§ **Description of the task**:
Retype the entries. Match them exactly.

§ **Data for this exercise**:

#####

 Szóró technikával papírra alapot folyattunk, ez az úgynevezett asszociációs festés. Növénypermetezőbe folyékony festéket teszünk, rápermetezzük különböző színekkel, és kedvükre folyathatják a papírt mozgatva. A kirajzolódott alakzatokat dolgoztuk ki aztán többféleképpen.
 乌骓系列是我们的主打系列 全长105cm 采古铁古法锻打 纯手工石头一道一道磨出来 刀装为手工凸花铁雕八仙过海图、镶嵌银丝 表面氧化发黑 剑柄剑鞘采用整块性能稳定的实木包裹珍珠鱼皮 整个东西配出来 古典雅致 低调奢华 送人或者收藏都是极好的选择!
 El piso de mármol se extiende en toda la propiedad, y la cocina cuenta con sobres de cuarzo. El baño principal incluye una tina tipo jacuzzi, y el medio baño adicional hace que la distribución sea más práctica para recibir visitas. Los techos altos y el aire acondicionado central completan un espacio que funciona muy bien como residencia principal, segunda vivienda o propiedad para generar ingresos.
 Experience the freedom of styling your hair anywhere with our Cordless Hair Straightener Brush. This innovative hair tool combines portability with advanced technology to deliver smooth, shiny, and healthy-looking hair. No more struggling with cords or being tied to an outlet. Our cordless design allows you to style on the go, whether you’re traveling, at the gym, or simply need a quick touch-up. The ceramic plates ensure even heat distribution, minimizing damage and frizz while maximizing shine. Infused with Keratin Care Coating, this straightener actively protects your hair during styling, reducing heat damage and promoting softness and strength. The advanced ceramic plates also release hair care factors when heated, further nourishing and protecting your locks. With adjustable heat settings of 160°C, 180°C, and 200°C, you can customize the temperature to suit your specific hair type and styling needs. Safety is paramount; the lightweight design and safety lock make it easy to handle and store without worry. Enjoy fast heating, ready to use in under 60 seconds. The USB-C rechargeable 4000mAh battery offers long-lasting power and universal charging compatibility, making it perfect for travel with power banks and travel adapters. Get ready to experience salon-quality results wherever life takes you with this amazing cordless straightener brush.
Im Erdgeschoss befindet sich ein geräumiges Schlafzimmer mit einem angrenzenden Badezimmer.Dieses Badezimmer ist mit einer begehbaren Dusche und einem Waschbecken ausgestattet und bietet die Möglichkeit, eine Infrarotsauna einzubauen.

#####

§ **Result of this task**:
 Szóró technikával papírra alapot folyattunk, ez az úgynevezett asszociációs festés. Növénypermetezőbe folyékony festéket teszünk, rápermetezzük különböző színekkel, és kedvükre folyathatják a papírt mozgatva. A kirajzolódott alakzatokat dolgoztuk ki aztán többféleképpen.
 乌骓系列是我们的主打系列 全长105cm 采古铁古法锻打 纯手工石头一道一道磨出来 刀装为手工凸花铁雕八仙过海图、镶嵌银丝 表面氧化发黑 剑柄剑鞘采用整块性能稳定的实木包裹珍珠鱼皮 整个东西配出来 古典雅致 低调奢华 送人或者收藏都是极好的选择!
 El piso de mármol se extiende en toda la propiedad, y la cocina cuenta con sobres de cuarzo. El baño principal incluye una tina tipo jacuzzi, y el medio baño adicional hace que la distribución sea más práctica para recibir visitas. Los techos altos y el aire acondicionado central completan un espacio que funciona muy bien como residencia principal, segunda vivienda o propiedad para generar ingresos.
 Experience the freedom of styling your hair anywhere with our Cordless Hair Straightener Brush. This innovative hair tool combines portability with advanced technology to deliver smooth, shiny, and healthy-looking hair. No more struggling with cords or being tied to an outlet. Our cordless design allows you to style on the go, whether you’re traveling, at the gym, or simply need a quick touch-up. The ceramic plates ensure even heat distribution, minimizing damage and frizz while maximizing shine. Infused with Keratin Care Coating, this straightener actively protects your hair during styling, reducing heat damage and promoting softness and strength. The advanced ceramic plates also release hair care factors when heated, further nourishing and protecting your locks. With adjustable heat settings of 160°C, 180°C, and 200°C, you can customize the temperature to suit your specific hair type and styling needs. Safety is paramount; the lightweight design and safety lock make it easy to handle and store without worry. Enjoy fast heating, ready to use in under 60 seconds. The USB-C rechargeable 4000mAh battery offers long-lasting power and universal charging compatibility, making it perfect for travel with power banks and travel adapters. Get ready to experience salon-quality results wherever life takes you with this amazing cordless straightener brush.
Im Erdgeschoss befindet sich ein geräumiges Schlafzimmer mit einem angrenzenden Badezimmer.Dieses Badezimmer ist mit einer begehbaren Dusche und einem Waschbecken ausgestattet und bietet die Möglichkeit, eine Infrarotsauna einzubauen.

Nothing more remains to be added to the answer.